“Effective parallelism emerges from alignment between workload characteristics and execution strategy.”
This repository presents a systematic benchmark of parallel execution strategies within the pydre analytics pipeline.
It evaluates how sequential, thread-based, and process-based execution models behave under distinct workload characteristics, including I/O-bound processing, CPU-intensive metric aggregation, and ROI-heavy branching scenarios.
Rather than assuming that increased parallelism always improves performance, this project demonstrates that execution strategy effectiveness depends strongly on workload structure and overhead characteristics.
The benchmark was designed to answer the following questions:
- When does threading outperform multiprocessing in real-world analytics?
- At what point does thread-based execution saturate and stop scaling?
- How do ROI complexity and CPU-bound metrics affect parallel performance?
- Can a dynamic worker allocation strategy provide stable performance without manual tuning?
- Threading performs best for light and medium workloads dominated by I/O and low-overhead computation.
- Multiprocessing consistently outperforms threading for heavy and ROI-heavy workloads, where CPU-bound execution and branching dominate.
- Thread-based execution saturates beyond moderate worker counts, showing diminishing returns even on multi-core systems.
- A dynamic worker allocation strategy using ~75% of available logical CPUs delivers stable, near-optimal performance across workloads without configuration-specific tuning.
These results challenge the assumption that “more parallelism is always better” and instead highlight the importance of workload-aware execution design.
Rather than using all available logical CPUs, this benchmark adopts a dynamic worker allocation strategy that defaults to approximately 75% of available cores.
This value was derived empirically through worker-scaling experiments across multiple workload profiles. Results showed that execution time typically improved up to a point, after which additional workers led to diminishing returns or performance degradation due to:
- increased context switching and scheduler contention,
- memory bandwidth pressure,
- overhead from process coordination and branching-heavy execution paths.
Across systems tested, the optimal region consistently fell within the 70–80% utilization range, where CPU usage remained high while execution time and run-to-run variance were minimized.
Selecting 75% serves as a practical midpoint that avoids over-subscription while remaining close to peak performance, providing a stable, workload-agnostic default without requiring manual tuning.
Four workload profiles were used to systematically stress different components of the pydre pipeline:
| Profile | Focus | Characteristics |
|---|---|---|
| Light | I/O-bound | Minimal schema inference, single ROI, lightweight metrics |
| Medium | Mixed | Multiple ROIs, moderate schema inference, common driving metrics |
| Heavy | CPU-bound | Deep schema inference, many metrics, complex ROI slicing |
| ROI-heavy | Branching | ROI slicing dominates execution cost |
Each profile was evaluated across sequential, threading, and multiprocessing execution modes.

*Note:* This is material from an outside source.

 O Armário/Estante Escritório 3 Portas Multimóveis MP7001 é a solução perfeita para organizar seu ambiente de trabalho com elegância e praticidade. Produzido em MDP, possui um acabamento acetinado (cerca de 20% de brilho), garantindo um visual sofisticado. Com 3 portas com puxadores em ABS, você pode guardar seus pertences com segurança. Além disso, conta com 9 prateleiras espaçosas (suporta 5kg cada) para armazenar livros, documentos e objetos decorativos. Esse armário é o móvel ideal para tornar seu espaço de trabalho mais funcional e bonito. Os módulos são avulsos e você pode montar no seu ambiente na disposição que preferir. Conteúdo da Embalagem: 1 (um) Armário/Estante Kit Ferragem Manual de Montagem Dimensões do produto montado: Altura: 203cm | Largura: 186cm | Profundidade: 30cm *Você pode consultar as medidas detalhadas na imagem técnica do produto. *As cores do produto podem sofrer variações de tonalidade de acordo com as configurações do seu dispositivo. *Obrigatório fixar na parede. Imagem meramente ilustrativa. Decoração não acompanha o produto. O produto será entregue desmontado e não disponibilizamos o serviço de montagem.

pydre-parallelism-benchmark/
├── benchmarks/
│ ├── analyze_benchmark.py # Aggregates benchmark results
│ ├── runner.py # Benchmark execution entry point
│ ├── projects/ # Workload configuration files (.toml)
│ │ ├── light.toml
│ │ ├── medium.toml
│ │ ├── heavy.toml
│ │ └── roi_heavy.toml
│ ├── analysis_output/ # Generated plots and summary tables
│ └── results/ # Raw benchmark logs (gitignored by default)
├── docs/
│ └── pydre-parallelism-benchmark-report.pdf
└── README.md
This benchmark is built on pydre, a Python-based driving simulation data reduction engine developed by
The Ohio State University Driving Simulation Lab.
pydre handles:
- Schema inference over large time-series datasets
- Flexible ROI slicing (time, space, column-based)

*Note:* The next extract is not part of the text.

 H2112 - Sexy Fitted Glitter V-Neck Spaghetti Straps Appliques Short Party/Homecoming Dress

- Metric computation over driving and physiological signals
For installation and full documentation, see:
👉 https://github.com/OSU-Driving-Simulation-Lab/pydre
This repository focuses exclusively on benchmarking execution strategies, not on reimplementing pydre itself.
Note: Large-scale experimental input data is not included in this repository.
Raw driving simulation datasets and derived input files were intentionally excluded to:
- Avoid distributing proprietary or sensitive research data
- Keep the repository lightweight and focused on benchmarking methodology
- Encourage reproducibility using user-generated or domain-specific datasets
To reproduce the experiments:
- Generate your own pydre-compatible input data, or
- Adapt the provided workload configuration files to existing datasets
The benchmark code and analysis pipeline are fully reusable across compatible data sources.
A complete technical report detailing methodology, benchmark design, results, and analysis is included:
The report covers:
- Workload design rationale
- Execution-time ranking across workloads
- Worker scaling behavior
- CPU utilization patterns
- Practical recommendations for default execution strategies
Sanghyeon Park
- GitHub: https://github.com/its-spark-dev
- LinkedIn: https://www.linkedin.com/in/park3283/
This project is released under the MIT License.
See MIT License for details.
“Parallel performance emerges from alignment — not from brute force.”